- [Provided data]
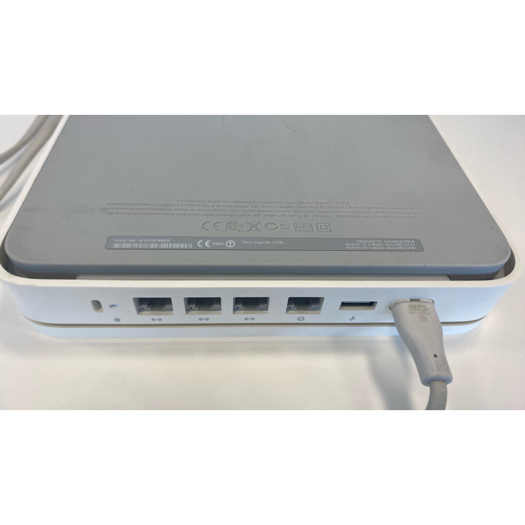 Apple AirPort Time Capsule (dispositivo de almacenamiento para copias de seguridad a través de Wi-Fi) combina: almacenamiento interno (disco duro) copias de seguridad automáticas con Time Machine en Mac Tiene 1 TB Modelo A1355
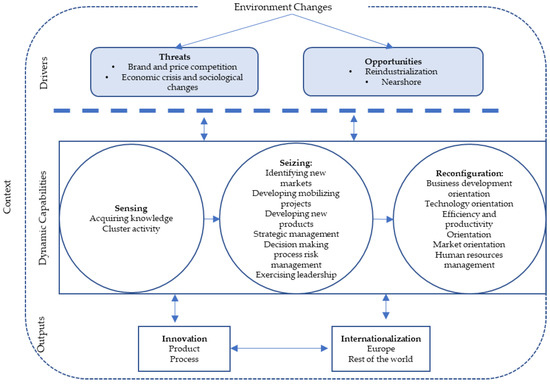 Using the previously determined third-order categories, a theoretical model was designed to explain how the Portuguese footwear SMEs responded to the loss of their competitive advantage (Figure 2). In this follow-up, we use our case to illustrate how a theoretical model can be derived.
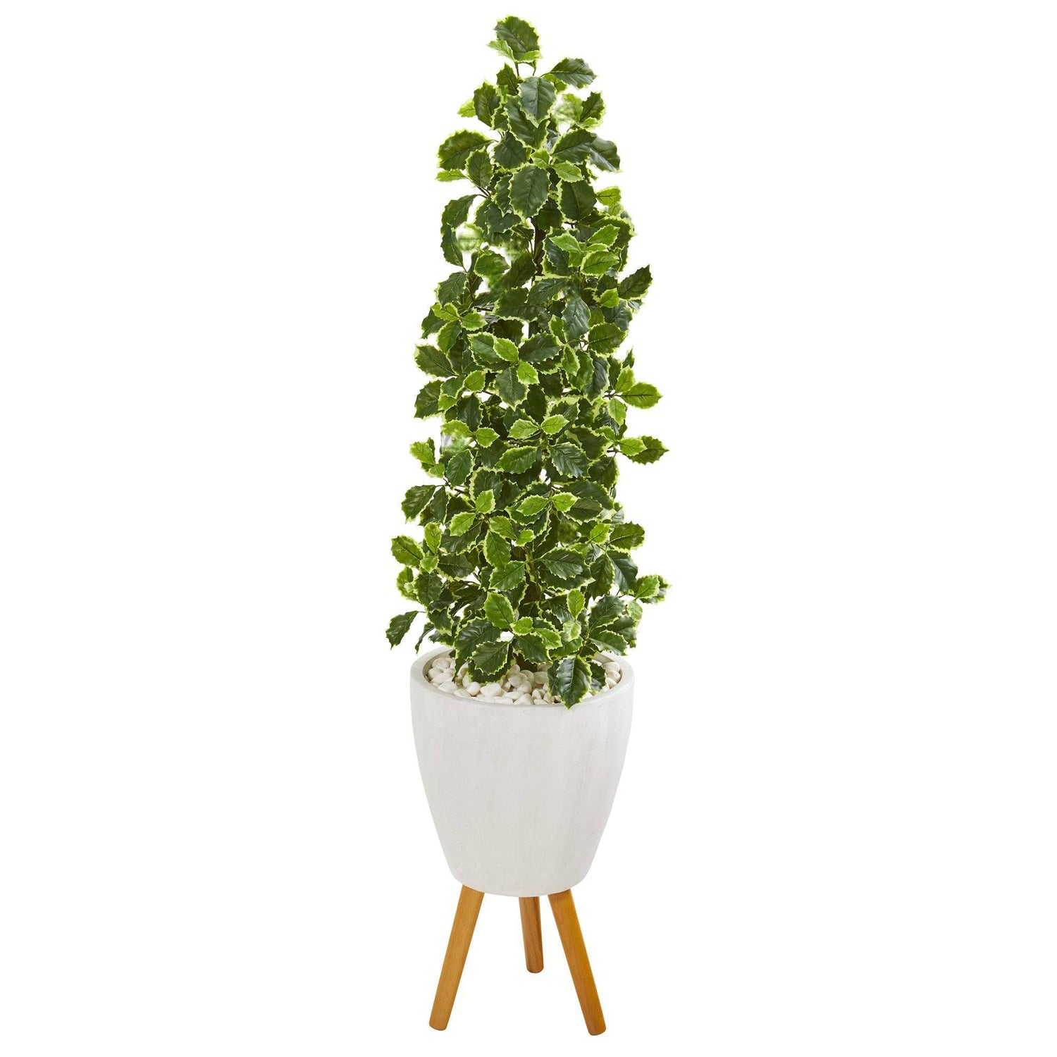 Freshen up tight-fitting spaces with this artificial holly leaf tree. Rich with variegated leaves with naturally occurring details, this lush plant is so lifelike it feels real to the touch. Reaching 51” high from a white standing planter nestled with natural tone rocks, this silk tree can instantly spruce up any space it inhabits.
* * *
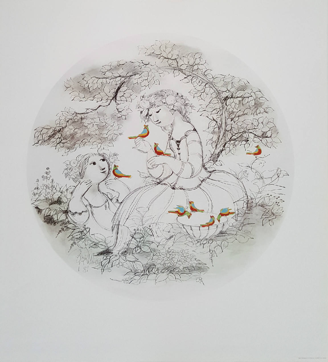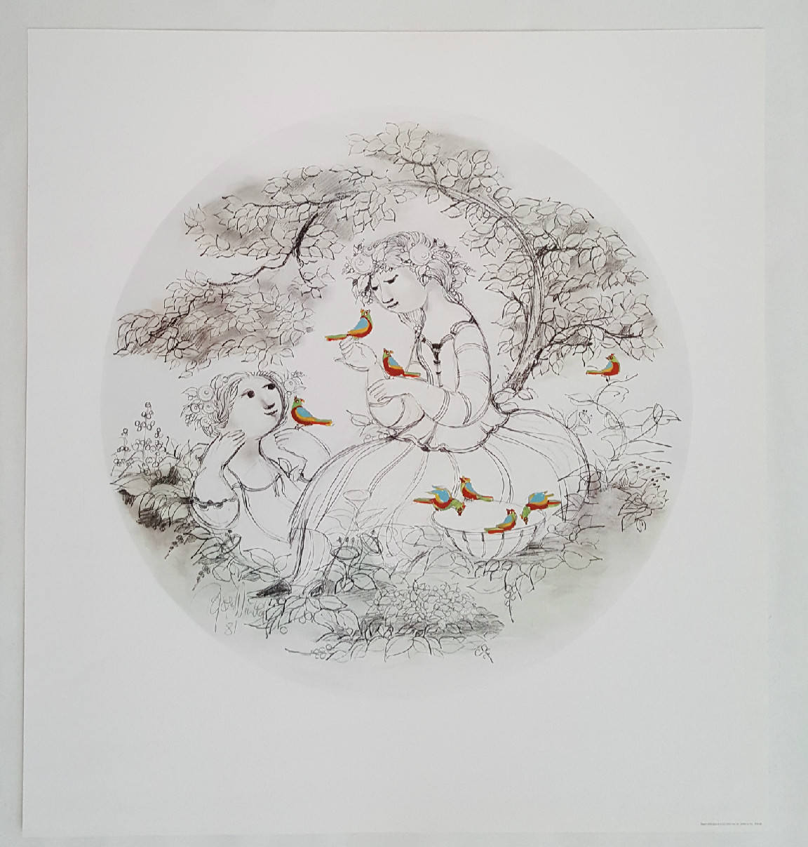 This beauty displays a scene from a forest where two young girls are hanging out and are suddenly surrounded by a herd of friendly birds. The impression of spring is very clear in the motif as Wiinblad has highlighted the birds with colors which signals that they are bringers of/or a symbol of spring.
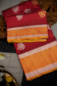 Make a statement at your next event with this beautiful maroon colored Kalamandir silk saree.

- [What is being asked] In the listing above, find the line with "Using the previously" and the line with "Freshen up tight-fitting". Transcribe those two and everything between, exactly, leaving out pictures.

- [Task solution]
 Using the previously determined third-order categories, a theoretical model was designed to explain how the Portuguese footwear SMEs responded to the loss of their competitive advantage (Figure 2). In this follow-up, we use our case to illustrate how a theoretical model can be derived.
 Freshen up tight-fitting spaces with this artificial holly leaf tree. Rich with variegated leaves with naturally occurring details, this lush plant is so lifelike it feels real to the touch. Reaching 51” high from a white standing planter nestled with natural tone rocks, this silk tree can instantly spruce up any space it inhabits.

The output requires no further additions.